WWD: What’s the value proposition of Cart.com for retailers and brands?

O.T.:  Cart.com helps brands grow quickly by enabling them to sell across every online channel, so they can attract more customers and maximize revenue. We simplify operations through a single, integrated platform and consolidate all customer data in one spot, so brands can easily access it to gain the insights they need, without having to chase down information from some 20 different software partners.

Our full suite of modular solutions includes powerful storefront and marketplace tools that increase conversion, fulfillment capabilities that drive speed and cost efficiencies, and marketing, customer acquisition, engagement and other tools. We provide the entire infrastructure brands need to sell everywhere online.

WWD: You have made seven acquisitions in under two years. Why has Cart.com pursued a strategy of buying companies that offer specific capabilities or resources rather than building those capabilities or infrastructure in-house?

O.T.:  If a brand comes to us with a specific pain point, we have to have a great product in that area that solves the brand’s problem.
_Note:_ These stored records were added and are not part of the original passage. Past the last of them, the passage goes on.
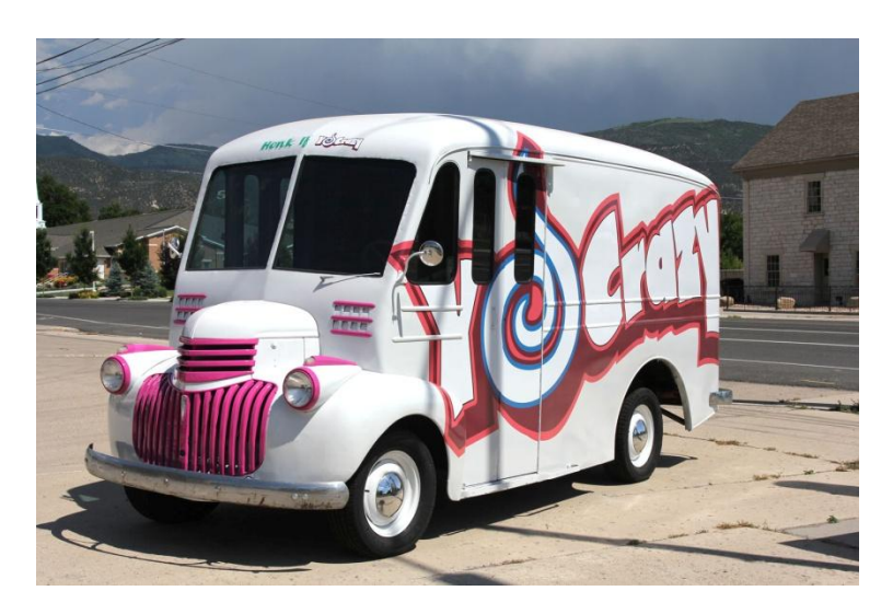
To be continued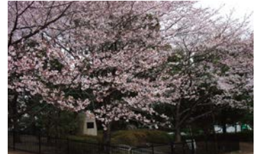
Reagan Cherry Tree (returned someiyoshino)

Originally, Japan presented the ancestor of this cherry tree, known as a goshikizakura (literally, a five colored cherry tree), to the United States in 1912. It was planted along the Potomac River in Washington D.C. by First Lady Helen Taft, wife of the 27th U.S. president, and became known as the "Taft Cherry".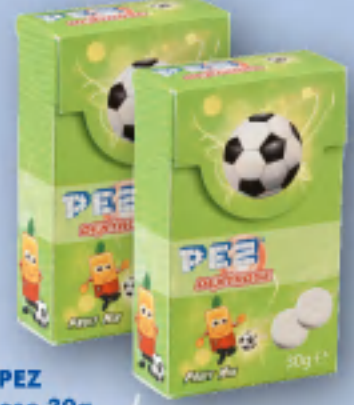
1/24 PEZ Dextrose 30g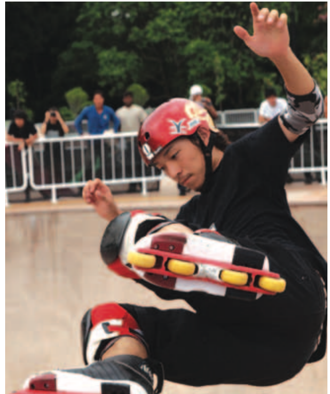
Besides standard obstacles like stairs and handrails, the skate park features a 3.6 metre deep vertical bowl where seasoned in-line skaters and BMX freestyle enthusiasts can defy gravity.

This project has enhanced Singapore's standing on the international extreme sports scene, and serves as a platform for youths to showcase their skills in the disciplines of Aggressive In-Line Skating, BMX Freestyling and Skateboarding.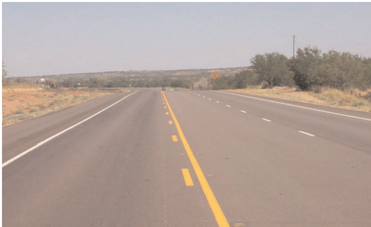
Figure 1. Passing lane section on two-lane highway

Many of Texas' highways are two-lane roadways and will remain so for the foreseeable future. As traffic volumes increase, motorist satisfaction and traffic performance on those roadways will decrease. The traditional answer to these problems, provision of a four-lane roadway, appears to be out of reach for many of these facilities due to fiscal constraints. An alternate solution is the provision of periodic, short-term passing lanes, otherwise known as a "Super 2" design, shown in Figure 1 . These lanes allow motorists increased opportunities to safely and easily pass slower vehicles, improving traffic flow at a much lower cost than a traditional expansion to four lanes.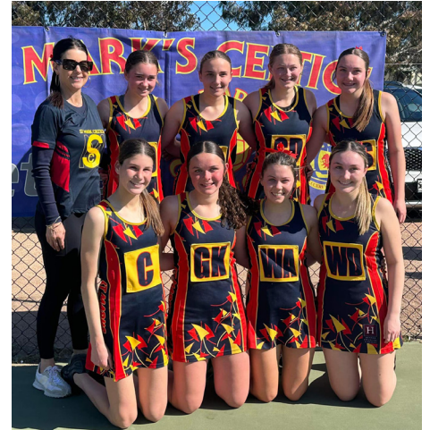
Congratulations to our C Grade Premiers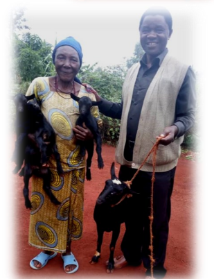
Goat Delivers Three Kids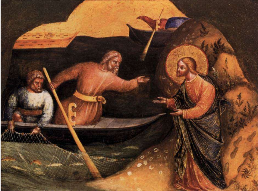
Calling of the Apostles Peter and Andrew, Lorenzo Veneziano (c.1370)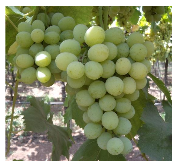
Fig. 6. Bloom intact with berries

6.1.1 Extra Class: Grapes must be of superior quality (Fig 7). The bunches must be typical of variety in shape and colour and have no defects (Fig 5). Berries must be firm, firmly attached to the stalk, evenly spaced along the stalk and have their bloom virtually intact (Fig 6).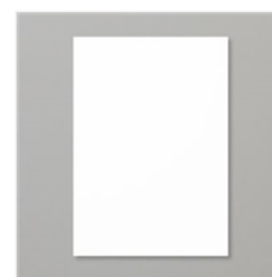
Basic White A4 Thick Cardstock - 159230

That means our business needs to be highly modular. However, we realized very early that it would be nearly impossible for us to build every single product ourselves. There wasn’t enough time and capital and there’s always execution risk when building in-house.

We decided instead to go out on behalf of brands and put together a fully integrated and interoperated tech stack by strategically acquiring certain capabilities that we couldn’t build as quickly or as expertly ourselves. Our M&A strategy has enabled us to be both modular and great. And now, if we partner with a brand to solve one or two issues, we can grow our relationship with them over time to fulfill all of their e-commerce needs.

WWD: Regarding fulfillment specifically, how is Cart.com helping its brand partners keep up with consumer demand for fast and efficient delivery?

O.T.:  We’ve invested heavily in millions of square feet of fulfillment space across the U.S. and our scale enables our brand partners to position inventory closer to their end customers and speed their deliveries. Brands we work with can provide one-day ground delivery across almost the entire U.S. and one- or two-day ground delivery to more than 90 percent of U.S. consumers, thanks to our network of facilities. That means smaller and midsized brands can compete effectively on fast delivery with the biggest retailers.

And it’s not just speed, but efficiency. Our brand network has billions of products shipping through our facilities, which means we enjoy scale advantages with FedEx, DHL and other shippers — savings that we then pass on to our brand partners.

WWD: What are some of the brands Cart.com has partnered with and what were the outcomes?

O.T.: American clothing brand Rowing Blazers partnered with Cart.com ahead of the 2020 holiday peak season to rapidly scale its fulfillment operations. The brand was shipping from its storefront in Soho and the marketing strategy in place leveraged celebrity partners around the globe, who often needed Rowing Blazers items shipped to them overnight for events. Cart.com’s 3PL capabilities enabled Rowing Blazers to increase orders shipped by nearly 43 percent in a single year and ensure that customers received the best possible delivery experience.

We worked with beauty brand bareMinerals to conduct a marketing and advertising audit and then implemented new marketing data capture, tracking and measurement tools and ad tech tools infrastructure to drive growth in the brand’s media efficiency ratio (MER). The result was $10 million in media cost efficiencies in the first year, resulting in a 40 percent increase in the MER. In addition, Cart.com worked with the brand to map the bareMinerals customer journey and then optimize and diversify brand creative assets to address unique audience segments, resulting in a 6.5 times increase in digital consumer engagement.